The GRF family proteins are encoded by plant-specific transcription factors, which have two conserved domains in the N terminal region: QLQ (Gln, Leu, Gln) and WRC (Trp, Arg, Cys) (Chen et al., 2019). The QLQ is identified in yeast with two distinct proteins designated SWI2/SNF2 and is associated with the yeast SWI/SNF complex epigenetic modifications (Xun et al., 2022). WRC (Trp, Arg, Cys) is a plant-specific domain with a C3H motif for DNA binding, as well as putative zing finger or proper nuclear localization signals (NLS), three Cys, and one His (Avci et al., 2016). The C-terminal part of GRFs is variable. Some studies have shown that the C-terminal region of GRFs has trans-activating activity and contains specific less conserved motifs, such as QTL and FFD (Omidbakhshfard et al., 2015; Xun et al., 2022). The GIF genes show a mechanism for calcium signaling pathways (Lau et al., 2019); related transcriptional coactivators, and conserved regions of DNA, such as SSXT and SNH (Zan et al., 2020).
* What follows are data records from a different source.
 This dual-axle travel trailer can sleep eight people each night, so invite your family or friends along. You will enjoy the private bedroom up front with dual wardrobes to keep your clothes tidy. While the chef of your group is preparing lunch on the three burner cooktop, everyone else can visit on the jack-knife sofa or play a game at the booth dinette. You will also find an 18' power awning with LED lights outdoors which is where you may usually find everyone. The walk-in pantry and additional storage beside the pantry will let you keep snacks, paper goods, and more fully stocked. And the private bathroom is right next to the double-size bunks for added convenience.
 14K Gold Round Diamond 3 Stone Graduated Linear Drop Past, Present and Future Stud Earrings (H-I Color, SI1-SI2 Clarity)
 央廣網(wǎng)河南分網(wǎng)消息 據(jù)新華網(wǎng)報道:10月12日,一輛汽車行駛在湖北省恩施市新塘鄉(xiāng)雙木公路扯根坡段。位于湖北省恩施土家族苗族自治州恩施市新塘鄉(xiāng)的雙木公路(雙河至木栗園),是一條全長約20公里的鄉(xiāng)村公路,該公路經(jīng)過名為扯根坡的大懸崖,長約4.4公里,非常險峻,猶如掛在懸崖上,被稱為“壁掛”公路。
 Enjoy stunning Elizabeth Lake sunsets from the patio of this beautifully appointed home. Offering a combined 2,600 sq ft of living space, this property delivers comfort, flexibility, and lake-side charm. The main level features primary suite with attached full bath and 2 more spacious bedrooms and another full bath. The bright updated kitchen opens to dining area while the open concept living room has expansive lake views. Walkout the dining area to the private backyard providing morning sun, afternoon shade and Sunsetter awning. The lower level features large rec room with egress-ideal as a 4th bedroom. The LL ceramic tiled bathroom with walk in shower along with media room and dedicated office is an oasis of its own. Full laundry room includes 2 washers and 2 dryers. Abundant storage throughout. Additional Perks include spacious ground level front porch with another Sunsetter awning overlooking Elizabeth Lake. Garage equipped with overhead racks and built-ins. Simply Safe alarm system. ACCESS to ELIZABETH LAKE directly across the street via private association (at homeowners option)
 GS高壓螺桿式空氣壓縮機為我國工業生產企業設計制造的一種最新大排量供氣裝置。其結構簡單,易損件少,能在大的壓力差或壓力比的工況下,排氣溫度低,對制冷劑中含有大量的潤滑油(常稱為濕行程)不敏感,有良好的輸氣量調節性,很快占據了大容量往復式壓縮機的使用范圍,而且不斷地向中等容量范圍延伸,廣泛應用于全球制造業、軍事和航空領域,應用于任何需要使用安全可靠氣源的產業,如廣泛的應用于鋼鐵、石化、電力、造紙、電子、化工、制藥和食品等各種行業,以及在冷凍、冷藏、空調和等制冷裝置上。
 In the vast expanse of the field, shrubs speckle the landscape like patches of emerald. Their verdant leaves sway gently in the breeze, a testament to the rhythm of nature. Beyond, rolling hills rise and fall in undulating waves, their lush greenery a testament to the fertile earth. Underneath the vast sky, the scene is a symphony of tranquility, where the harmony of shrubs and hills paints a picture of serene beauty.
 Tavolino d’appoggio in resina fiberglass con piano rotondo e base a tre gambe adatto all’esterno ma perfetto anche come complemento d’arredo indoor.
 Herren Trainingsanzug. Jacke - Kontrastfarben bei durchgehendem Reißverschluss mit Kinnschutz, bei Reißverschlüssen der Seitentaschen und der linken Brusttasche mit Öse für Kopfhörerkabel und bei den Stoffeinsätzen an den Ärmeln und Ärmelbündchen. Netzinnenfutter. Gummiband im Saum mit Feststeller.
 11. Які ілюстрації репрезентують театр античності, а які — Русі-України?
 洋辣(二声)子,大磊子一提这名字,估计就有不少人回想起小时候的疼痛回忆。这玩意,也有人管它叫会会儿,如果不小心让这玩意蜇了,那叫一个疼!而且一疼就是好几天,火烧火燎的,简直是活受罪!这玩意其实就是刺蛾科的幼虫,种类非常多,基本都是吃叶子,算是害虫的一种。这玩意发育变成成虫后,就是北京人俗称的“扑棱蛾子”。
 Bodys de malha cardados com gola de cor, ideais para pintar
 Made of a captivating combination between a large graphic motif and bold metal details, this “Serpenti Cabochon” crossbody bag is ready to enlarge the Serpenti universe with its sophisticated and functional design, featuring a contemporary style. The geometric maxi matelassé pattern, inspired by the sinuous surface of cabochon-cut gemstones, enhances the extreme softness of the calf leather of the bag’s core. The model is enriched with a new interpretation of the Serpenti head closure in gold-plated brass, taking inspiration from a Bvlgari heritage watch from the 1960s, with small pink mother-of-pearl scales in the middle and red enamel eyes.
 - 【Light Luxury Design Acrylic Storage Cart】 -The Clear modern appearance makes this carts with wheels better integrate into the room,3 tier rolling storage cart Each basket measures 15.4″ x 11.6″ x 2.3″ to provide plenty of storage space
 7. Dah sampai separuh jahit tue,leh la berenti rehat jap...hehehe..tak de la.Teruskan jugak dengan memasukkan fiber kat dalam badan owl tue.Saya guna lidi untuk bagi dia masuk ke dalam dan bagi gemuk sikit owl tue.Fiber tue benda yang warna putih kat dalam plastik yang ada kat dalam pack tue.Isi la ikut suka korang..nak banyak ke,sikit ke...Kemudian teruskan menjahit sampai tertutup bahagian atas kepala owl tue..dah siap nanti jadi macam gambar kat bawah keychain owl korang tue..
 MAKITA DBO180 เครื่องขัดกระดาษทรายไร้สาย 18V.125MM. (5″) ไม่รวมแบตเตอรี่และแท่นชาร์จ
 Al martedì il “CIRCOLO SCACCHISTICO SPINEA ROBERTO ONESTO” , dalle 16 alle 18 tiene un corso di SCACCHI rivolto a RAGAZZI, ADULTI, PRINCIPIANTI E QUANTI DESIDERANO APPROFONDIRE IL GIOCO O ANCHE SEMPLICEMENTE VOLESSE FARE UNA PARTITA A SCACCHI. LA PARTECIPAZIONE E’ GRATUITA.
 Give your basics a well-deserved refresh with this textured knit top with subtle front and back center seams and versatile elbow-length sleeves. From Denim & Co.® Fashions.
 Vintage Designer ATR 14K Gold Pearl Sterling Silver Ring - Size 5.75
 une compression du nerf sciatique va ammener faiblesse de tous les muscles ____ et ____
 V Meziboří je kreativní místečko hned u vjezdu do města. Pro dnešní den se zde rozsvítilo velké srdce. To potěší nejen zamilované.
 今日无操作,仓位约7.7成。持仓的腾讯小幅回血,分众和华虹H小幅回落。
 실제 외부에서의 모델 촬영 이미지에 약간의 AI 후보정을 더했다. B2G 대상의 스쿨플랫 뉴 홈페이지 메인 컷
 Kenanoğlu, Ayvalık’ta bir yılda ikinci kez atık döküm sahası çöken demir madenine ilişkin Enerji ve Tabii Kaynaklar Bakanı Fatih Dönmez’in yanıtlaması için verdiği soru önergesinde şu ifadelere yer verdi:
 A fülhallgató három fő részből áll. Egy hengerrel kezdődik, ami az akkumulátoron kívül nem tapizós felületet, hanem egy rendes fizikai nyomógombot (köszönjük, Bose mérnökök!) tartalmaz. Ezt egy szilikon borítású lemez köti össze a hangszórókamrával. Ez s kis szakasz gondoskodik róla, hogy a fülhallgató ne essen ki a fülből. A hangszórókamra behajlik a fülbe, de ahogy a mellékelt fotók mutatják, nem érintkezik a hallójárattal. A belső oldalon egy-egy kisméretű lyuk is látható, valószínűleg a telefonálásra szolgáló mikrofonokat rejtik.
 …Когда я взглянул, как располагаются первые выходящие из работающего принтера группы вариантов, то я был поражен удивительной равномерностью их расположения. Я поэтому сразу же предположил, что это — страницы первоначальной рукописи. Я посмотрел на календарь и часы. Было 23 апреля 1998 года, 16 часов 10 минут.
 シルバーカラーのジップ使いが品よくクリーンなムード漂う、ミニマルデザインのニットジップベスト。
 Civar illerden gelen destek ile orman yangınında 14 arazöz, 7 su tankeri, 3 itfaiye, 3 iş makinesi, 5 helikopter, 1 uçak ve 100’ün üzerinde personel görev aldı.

The first GRF gene was identified in rice and Zea mays (Cao et al., 2016b). The GRF genes are encoded by 14–3–3 proteins, which are widely distributed in many eukaryotes and play a key role in the regulation of a variety of biological processes ranging from metabolism to transport, growth, development, and stress response, as well as mediating the shape and size of leaves by regulating cell proliferation (Liu et al., 2016). Moreover, GRFs also contribute to the development of floral parts to regulate the size of seeds and control flower expeditions (Omidbakhshfard et al., 2015). Some GRF genes suppress Knotted1-like Homeobox (KNOX) expression, which prevents cell differentiation in the shoot apical meristem (Jia et al., 2020; Kuijt et al., 2014).
Previous researchers (Cao et al., 2016a; Omidbakhshfard et al., 2015) demonstrated the significance of several GRFs in plant biology, which contain highly synthetic information. Despite this, no genome-wide investigation of the GRF gene family in A. thaliana has been performed. The miR396 microRNA, which appears to affect seven of the nine genes, reduces the activity and abundance of GRF transcripts via post-transcriptional regulation (Bazin et al., 2013; Hewezi and Baum, 2012). A. thaliana AtGRF7 usually functions as a regulator of osmotic stress-responsive genes, minimizing the deleterious impact of those genes on plant growth (Kim and Tsukaya, 2015). However, when under stress, its synthesis is reduced by activating osmotic stress-responsive genes.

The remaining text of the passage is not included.